In what could become the next step, some white companies have opted not to leave diversity to the ethnic companies—with eye-opening results. Take Court Theatre in Hyde Park, for instance. Of 239 mainstage plays produced in 50 years (as listed on Court’s website), not one was written by an African-American. Then early this year, in season 51, Court mounted August Wilson’s Fences, helmed by African-American actor-director Ron O.J. Parson. The production brought in a new audience of African-Americans, Parson says. Indeed, many African-Americans told Parson they’d never stepped foot inside the Court: “People who live right down the street…people who can walk to the theater but had never been there,” Parson says. After Fences’ extended-run success, next season Court will mount not one but two African-American plays.
Then there’s Eclipse, which has devoted each season to one playwright for the past nine years. Next year—for the first time—that featured playwright won’t be white; it’ll be African-American author Pearl Cleage. And yet, Eclipse is a mostly white ensemble. “Our entire ensemble is taking a backseat because we are going to be hiring all African-American actors,” artistic director Jethmalani says. “It was a tough pill for everyone to swallow, but [the ensemble members] said, This is something that’s important to us.”

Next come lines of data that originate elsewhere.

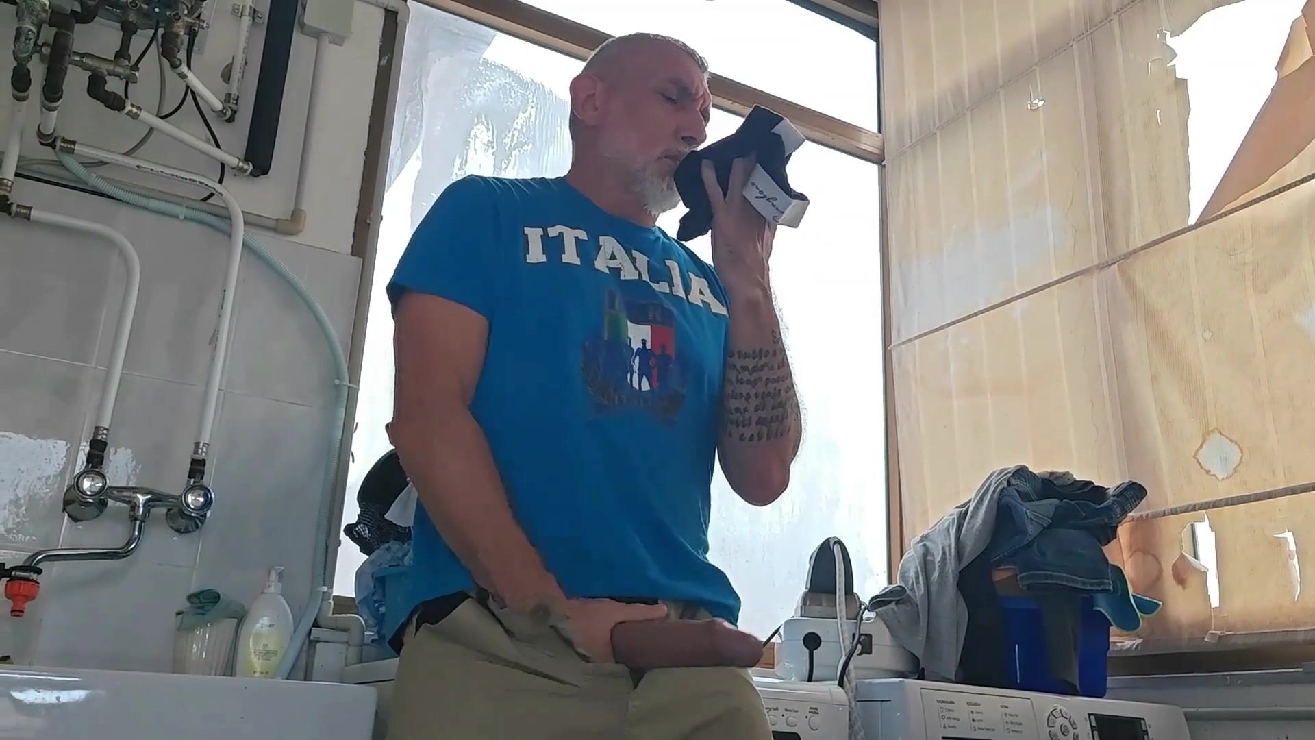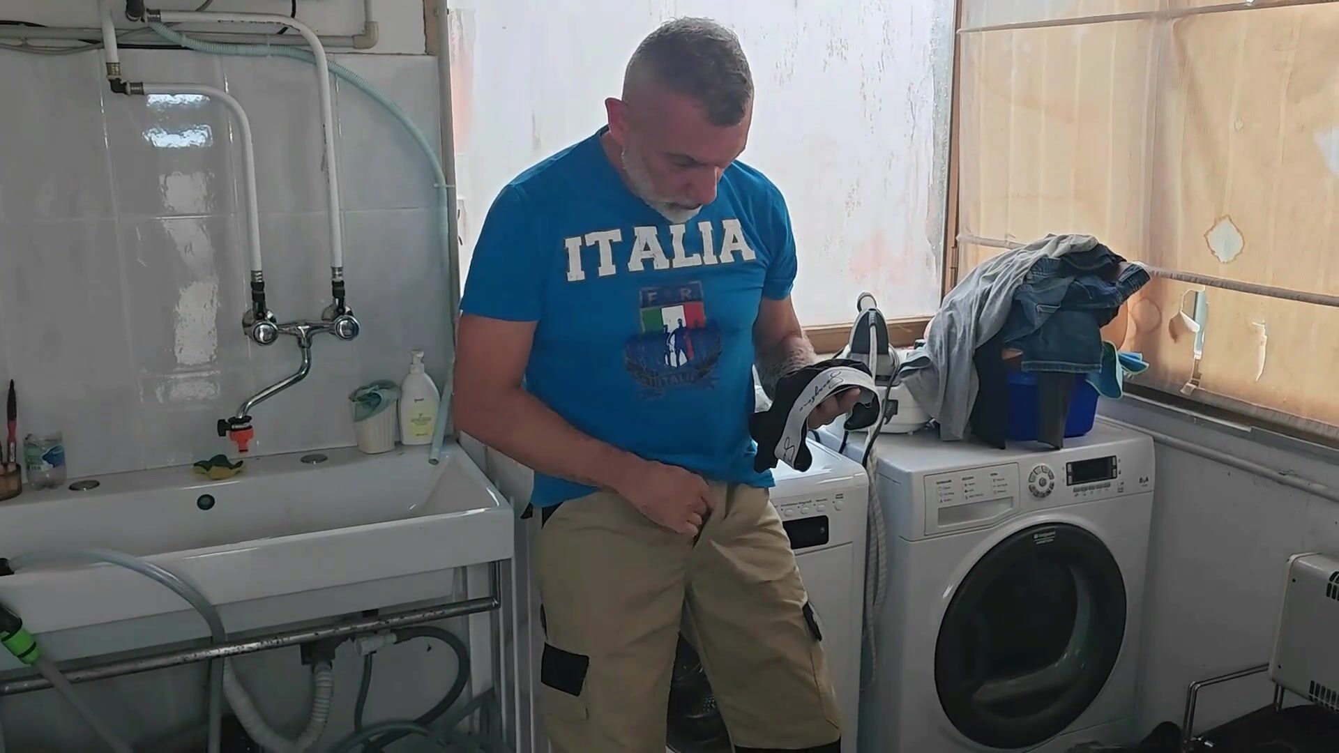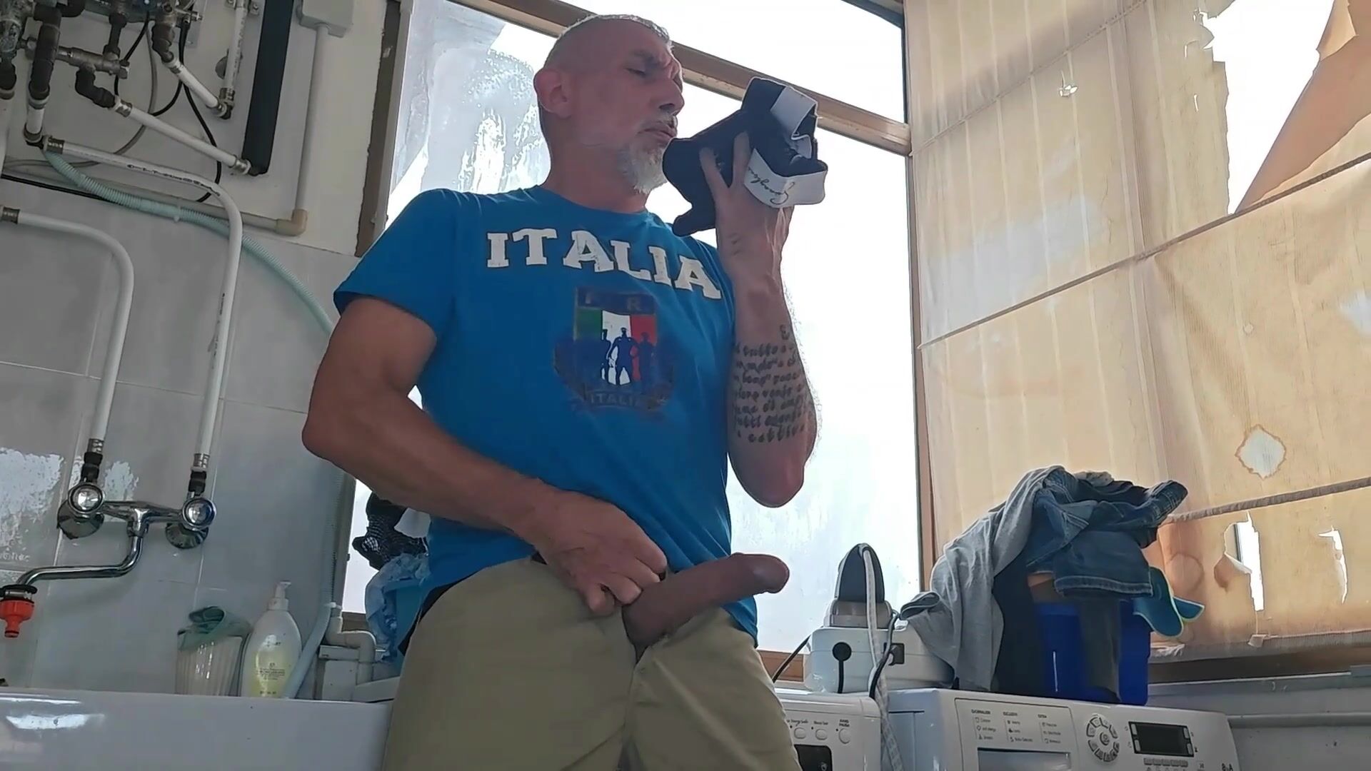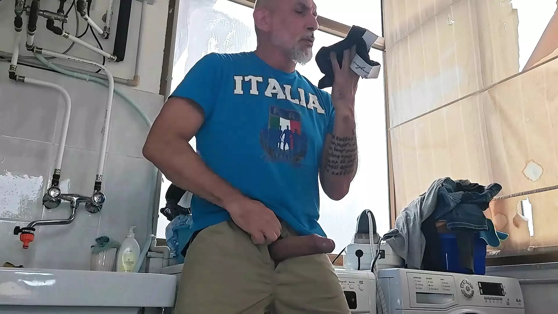 OLD MATURE HUNG BIG COCK REPAIRMAN IS FIXING THE WASHMACHINE FOR A HORNY COUPLE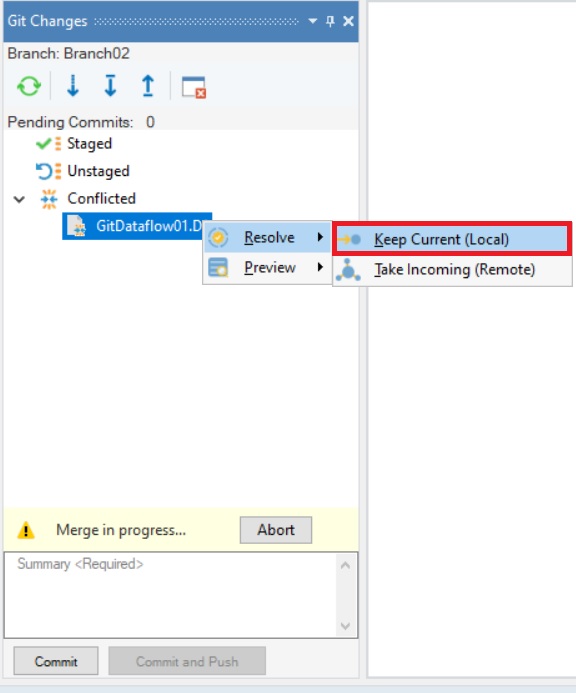 Take Incoming (Remote): Selecting this option will keep the conflicting file in the second branch and exclude the local one.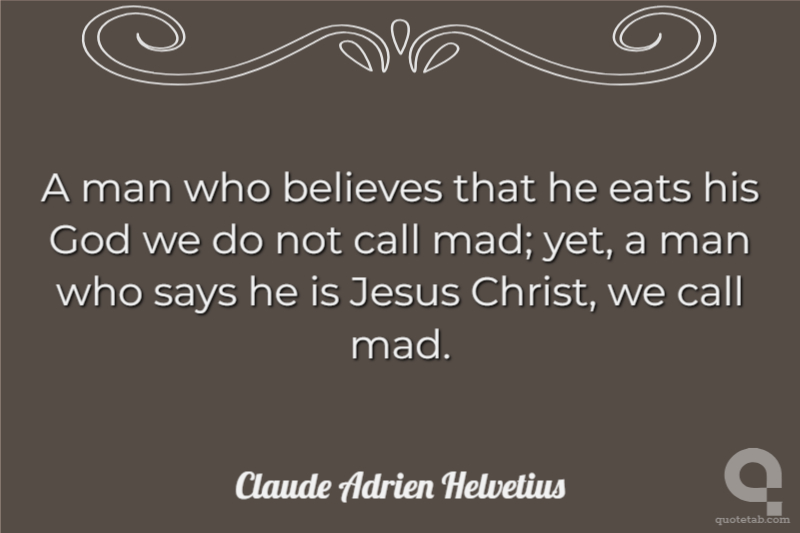 A man who believes that he eats his God we do not call mad; yet, a man who says he is Jesus Christ, we call mad.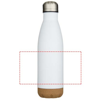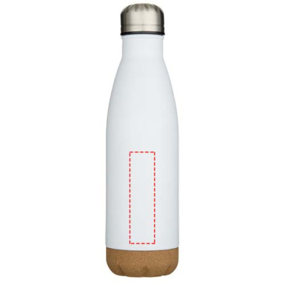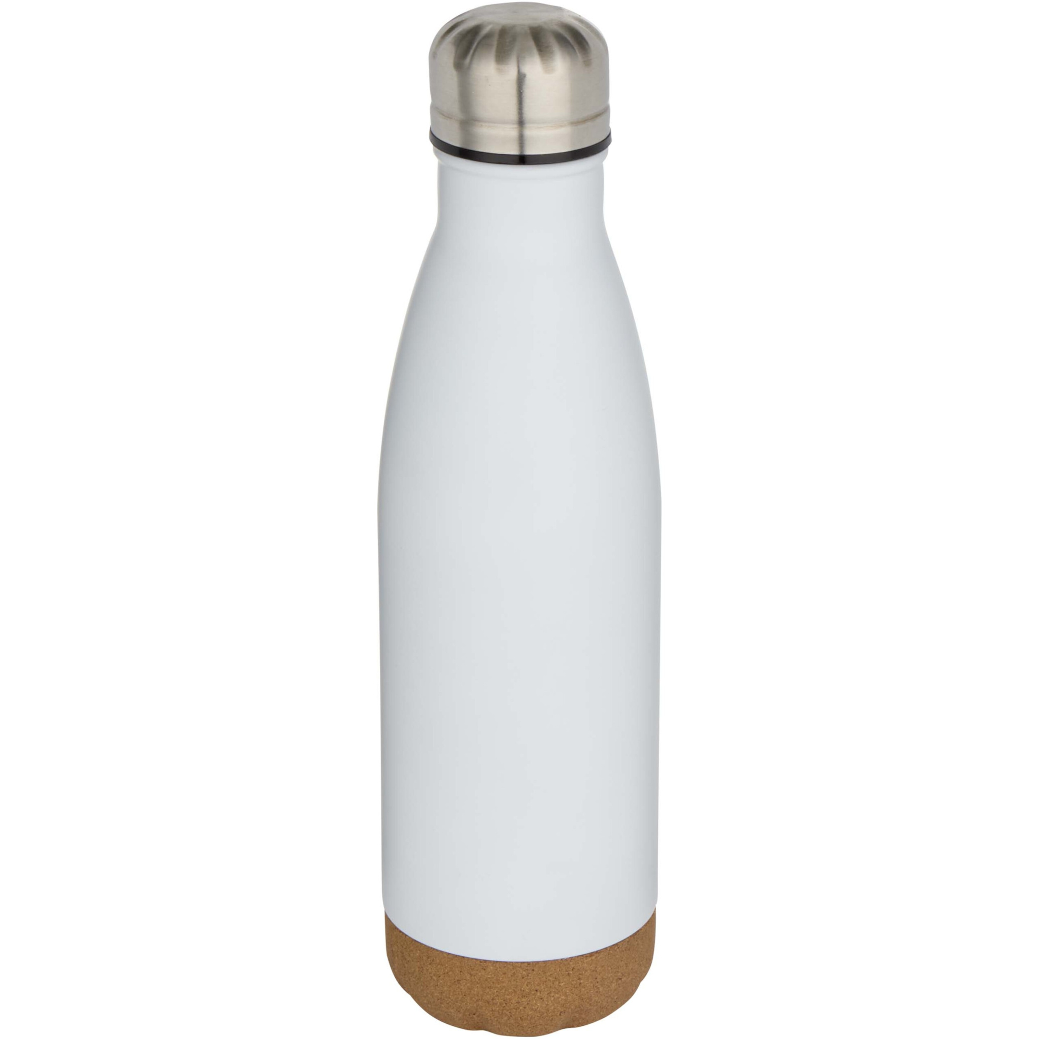 Vacuum insulated stainless steel water bottle with cork details at the bottom. The double-wall insulation keeps drinks hot or cold for several hours. Presented in a recycled cardboard gift box. Volume capacity: 500 ml.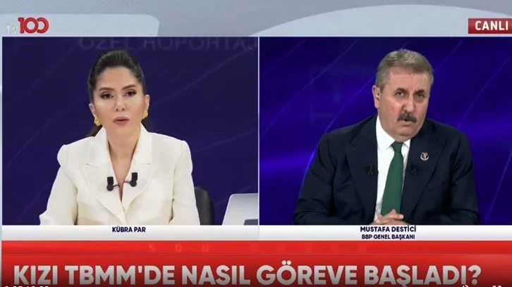 Destici, TV100'de yayınlanan programda Kübra Par'ın sorularını yanıtladı. Programda Destici'nin kızının TBMM'de nasıl göreve başladığı konuşulurken Kübra Par'ın sorduğu soru üzerine ortam gerildi.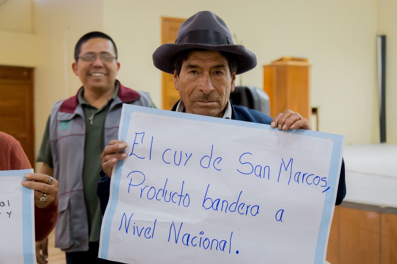 El Primer Encuentro de Productores de Cuyes de San Marcos se realiza como parte de las actividades programadas del Proyecto “Desarrollo territorial del distrito de San Marcos, a través del fortalecimiento de la Cadena Productiva de Cuyes”, que tiene por objetivo el desarrollo territorial mediante la formación de una marca colectiva de cuyes y su comercialización. Este proyecto viene siendo implementado técnicamente por los especialistas pecuarios de Caritas Huari con el financiamiento de la Compañía Minera Antamina.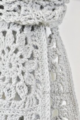 - The scarf shown here is shown in a lighter grey shade of Hayfield Chunky.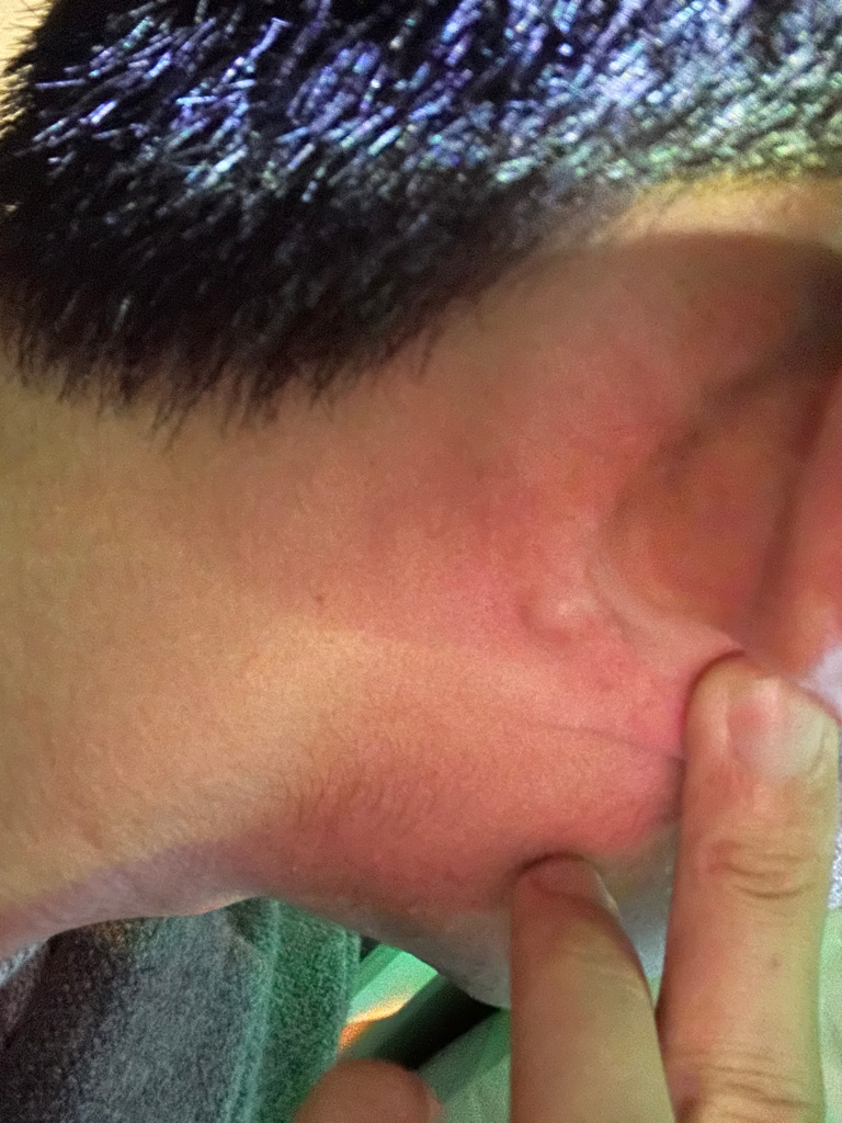 피부 감염은 보통 작은 상처나 모낭의 염증으로부터 시작된다. 귀 뒤 부위는 피부가 약하고 접히는 구조로 인해 땀이 고이거나 상처가 생기기 쉬우며, 외부 자극(예: 귀걸이, 마스크 끈, 땀띠 등)으로 인해 피부가 미세하게 손상될 수 있다. 이 작은 틈을 통해 세균이 피부 아래로 침투하면 **국소 농양(고름집)**이나 봉와직염(Cellulitis) 같은 감염으로 진행될 수 있다.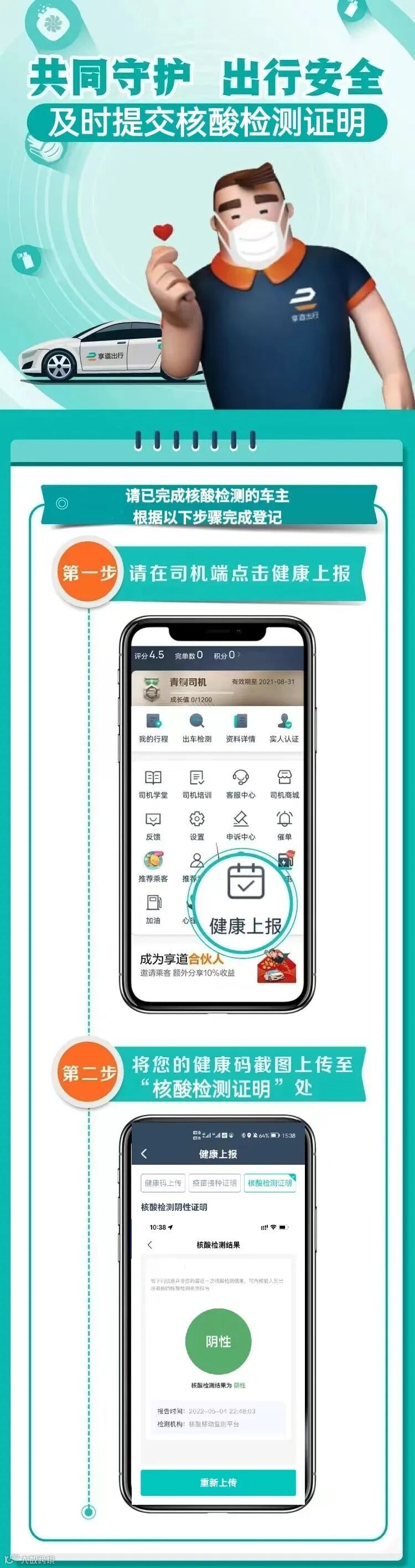 ● 驾驶员48小时核酸检测并上传报告,避免影响出车。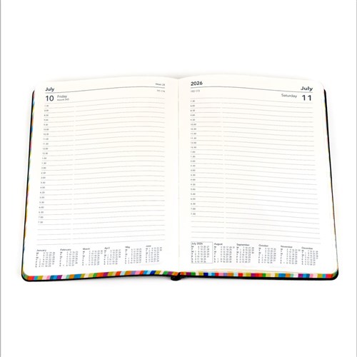 • Ribbon marker, lay flat opening and expandable back pocket.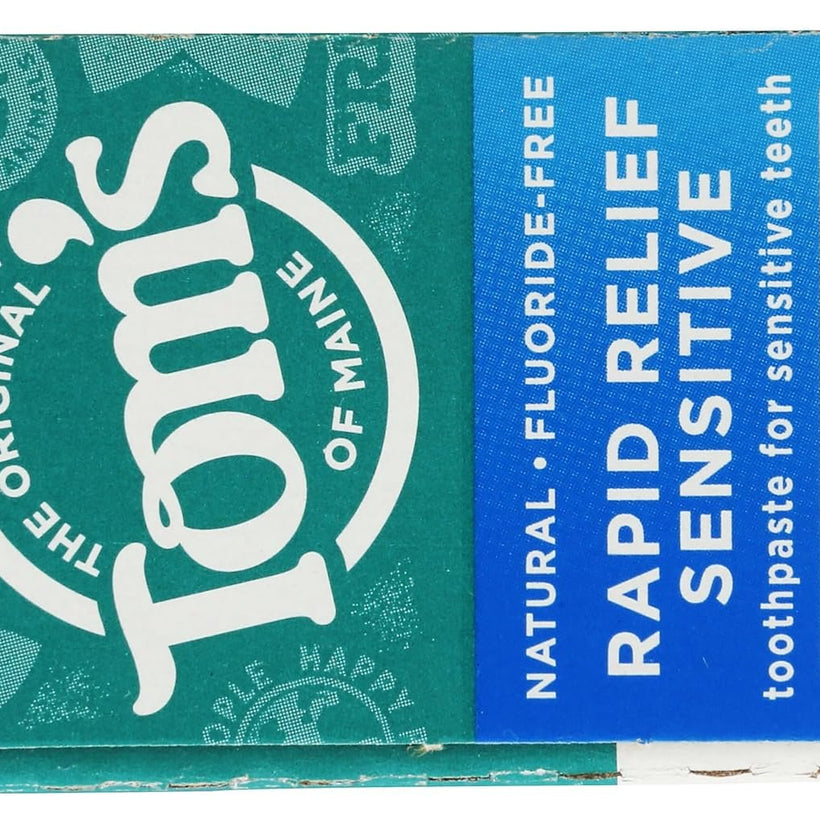Tom's of Maine Rapid Relief Sensitive Fluoride Free Toothpaste, 4 Ounce - 6 per case. HELPS PREVENT TARTAR BUILDUP: Tom's of Maine Natural Rapid Relief Sensitive Fluoride-Free...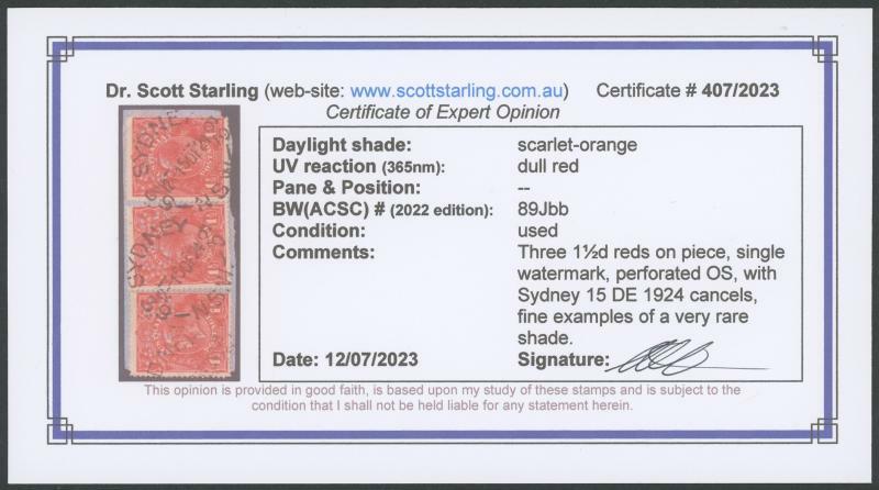 | Zusatzinformationen und Suchstichworte: | 253. Abacus Auktion 19. - 22. September 2023 Los 447 Australien - KGV - mehrfach Wasserzeichen klein Punktierte OS: 1½d scarlet-orange ACSC 89Jbb (SG O80 nicht verzeichnet Farbton) drei Einzelmarken entwertet auf kleinem Briefstück bei SYDNEY/39/15DE24/NSW Kreisdatumsstempel, Katalogwert $900. ein sehr ausgeprägt und seltener Farbton. Scott Stare Attest (2023) bestätigenden die Farbton Ausruf 190,00 AUD |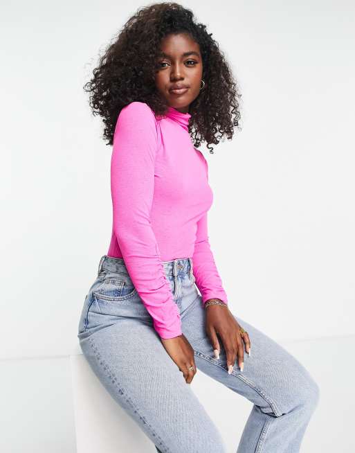 Miss Selfridge - Body col roulé en tulle texturé - Rose

If people see themselves onstage, they’ll pony up.
The actor ensemble has become Chicago theater’s dominant model, but these examples make clear it doesn’t have to be. More writer-focused and community-based companies would dramatically alter the landscape. When we asked nonwhite artists what would bring more color into Chicago’s white theater, we kept hearing one thing: more writers from their communities. If you have a nonwhite play, chances are you’ll cast nonwhite actors. And companies that reach out to the city’s communities—in Court’s case, the community just outside the theater’s doors—can create lasting relationships. If people see themselves onstage, they’ll pony up for tickets.
As for the big “so what?”—why does diversity matter to theater?—Lavey reframes that question this way: “Does it make the conversation better?” Her disarmingly simple, indisputable answer: “Yeah.”
5 ways it can get better
1. Nip it in the bud. If you’re forming a theater company, you might want to consider branching outside your circle of friends now. That way, in five years, you won’t be scratching your heads over how you all got to be the same color.
2. Coproduce across the racial divide. Imagine the whizbang theatrics of the House Theatre paired with the rich cultural heritage of Silk Road Theatre Project. Then imagine the shared audiences.
3. Form more writer-focused companies. When it’s not all about the actors, thepossibilities really open up.
4. Reach out. Chicago’s full of neighborhoods; try getting out of your own. Network with community leaders. Perform outside the North Side.
5. Get outta the ’hood. The CTA works for audiences, too: If you’re a North Sider, get over to the Duncan YMCA and check out Congo Square. If you’re south of the Loop, trek up to the Mag Mile and catch a Lookingglass show.